Как вообще можно понять, в какой момент объятья Морфея слабеют, и неведомая сила возвращает тебя в реальный мир. Как происходит пробуждение и не является ли оно защитной реакцией организма на глубокий сон, кому или смерть? Рабастан не был уверен, когда он потерял свою связь с настоящим и когда оказался в полной власти иллюзий. Милорд захватил его в плен своих фантазий как только молодой волшебник появился на пороге Ставки, или когда тот вошел в комнату, захваченную тьмой и освещенную холодным светом люмуса, или связь с реальным миром была потеряна как только Лестрейндж оказался в бесконечной водовороте смерти одной девушки, или когда застрял в зеркальной комнате собственного подсознания? Волшебник не был уверен ни в чем, кроме того, что в реальном мире, собственными руками, убил Рудольфуса. Его страх, оглушивший разум взрывом атомной бомбы, его боль, погрузившая сердце во тьму, его отчаянье, сожравшее его душу – это было реальным. И он никак не мог избавиться от этой навязчивой мысли. Никакие пытки, никакие трагедии, никакие смерти не могли лишить его разума – кроме одной. И уже не важно, то было игрой, иллюзией, случайностью, или чем-то еще. Для него — это было реальным.

Я не хочу убивать тебя, - отвечает он брату, не произнося ни одного слова вслух. Все слова были сейчас бессмысленными, а все попытки что-то объяснить были бы слабостью, открывшейся перед Лордом. Баст не верил собственным глазам, отказывался верить в знакомый голос, пусть даже тот так правдоподобно ругался. Все это было для него лишь эхом, которое долетало лишь глухими отголосками.

Взгляд, из которого ушли очередные слезы, опять превращался в огромное пристанище тьмы. Рука, державшая палочку, становилась тверже, перемещая свой вектор на амбициозного чистокровного волшебника, решившего что может вырубить такую силу. Зачем Милорд добавил в эту глупую игру третьего? Ему мало?

Рабастан усмехнулся, сделав шаг вперед, когда чужая Импедимента не сработала. Он хотел бы наслаждаться этим, но не мог, ощущая внутри лишь голое равнодушие.
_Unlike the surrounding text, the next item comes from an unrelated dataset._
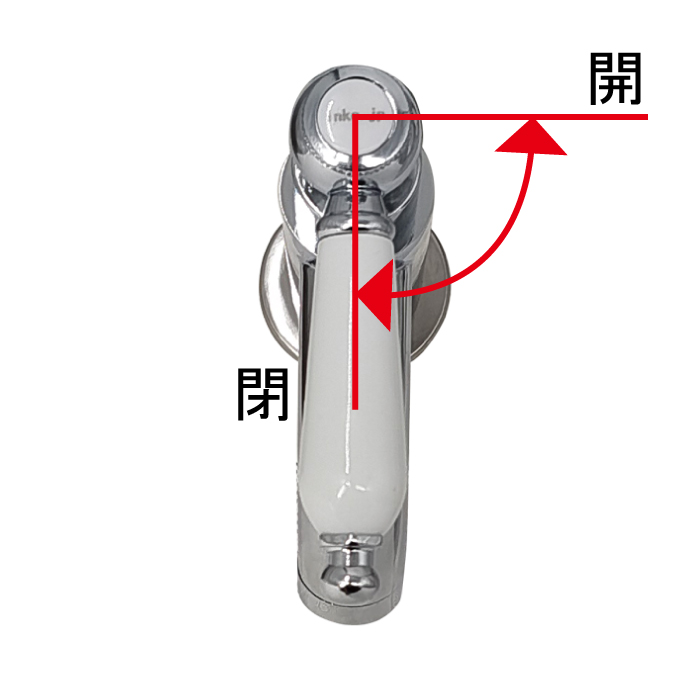 | ハンドルを90°回すことで水を出したり止めたりすることができます。 90°以上回そうとすると故障、破損の恐れがあります。 |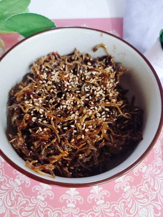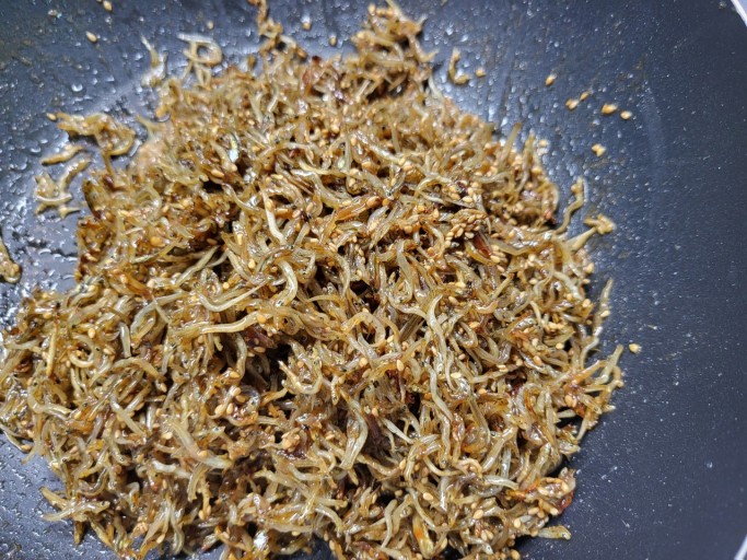 - 불을 끄고 올리고당과 통깨, 매실액을 넣고 재빨리 버무려 윤기 나고 부드럽게 완성한다.

Никакой страсти, никакого вдохновения, никакого желания.
Слабак.
За какие-то незаметные доли секунд, Рудо оказался перед ним, а ветер, пролетавший мимо, ворвался в нос, доставляя запахи к рецепторам. Древесные нотки, характеризующие глубину и спокойствие. Запах имел медленное испарение и длительное звучание густых эссенций, которые легли в основу этого шлейфа. Тепло и благородство, которые всегда расслабляли. Еще несколько часов назад, он готов был продать душу Дьяволу, лишь бы вдохнуть этот запах снова, лишь бы прикоснуться ладонями к тому, кому он принадлежал. Но эмоции, способные привести к этим действиям, были спрятаны где-то глубоко, затравлены, похоронены и закопаны кинжалом гоблинской работы.
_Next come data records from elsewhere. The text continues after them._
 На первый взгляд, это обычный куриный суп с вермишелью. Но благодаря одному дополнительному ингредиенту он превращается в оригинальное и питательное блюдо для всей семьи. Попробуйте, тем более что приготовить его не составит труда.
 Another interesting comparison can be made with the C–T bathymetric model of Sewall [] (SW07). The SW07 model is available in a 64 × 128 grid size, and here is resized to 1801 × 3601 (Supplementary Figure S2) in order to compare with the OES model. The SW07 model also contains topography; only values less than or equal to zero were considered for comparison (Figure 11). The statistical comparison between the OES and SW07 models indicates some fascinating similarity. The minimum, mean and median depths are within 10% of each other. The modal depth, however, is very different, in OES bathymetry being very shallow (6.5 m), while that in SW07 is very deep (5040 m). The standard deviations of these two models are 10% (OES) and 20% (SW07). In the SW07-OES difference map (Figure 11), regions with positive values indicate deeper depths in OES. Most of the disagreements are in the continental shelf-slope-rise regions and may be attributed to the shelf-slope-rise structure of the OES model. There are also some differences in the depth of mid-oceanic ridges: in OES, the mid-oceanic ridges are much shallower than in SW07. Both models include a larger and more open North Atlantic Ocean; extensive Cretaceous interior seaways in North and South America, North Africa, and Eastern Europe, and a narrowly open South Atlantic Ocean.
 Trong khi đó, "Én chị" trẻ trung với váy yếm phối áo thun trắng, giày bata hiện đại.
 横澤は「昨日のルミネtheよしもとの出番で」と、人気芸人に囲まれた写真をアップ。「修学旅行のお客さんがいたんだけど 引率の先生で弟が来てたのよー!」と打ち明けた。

Ничего не чувствовать, не сомневаться, не импульсировать – не этого ли добавился от него отец? Глухое послушание, немое подчинение, слепая сила – не этого ли требовал Лорд?

Заклинания разлетались вокруг, заряжая воздух искрами и лишая деревню атмосферы безыдейного терроризма. Перед ним теперь стояли не волшебники, практикующие только бутовую магию. Но даже эта, напоминающая дуэль, картина, не вызывала в нем отголосков привычно азарта.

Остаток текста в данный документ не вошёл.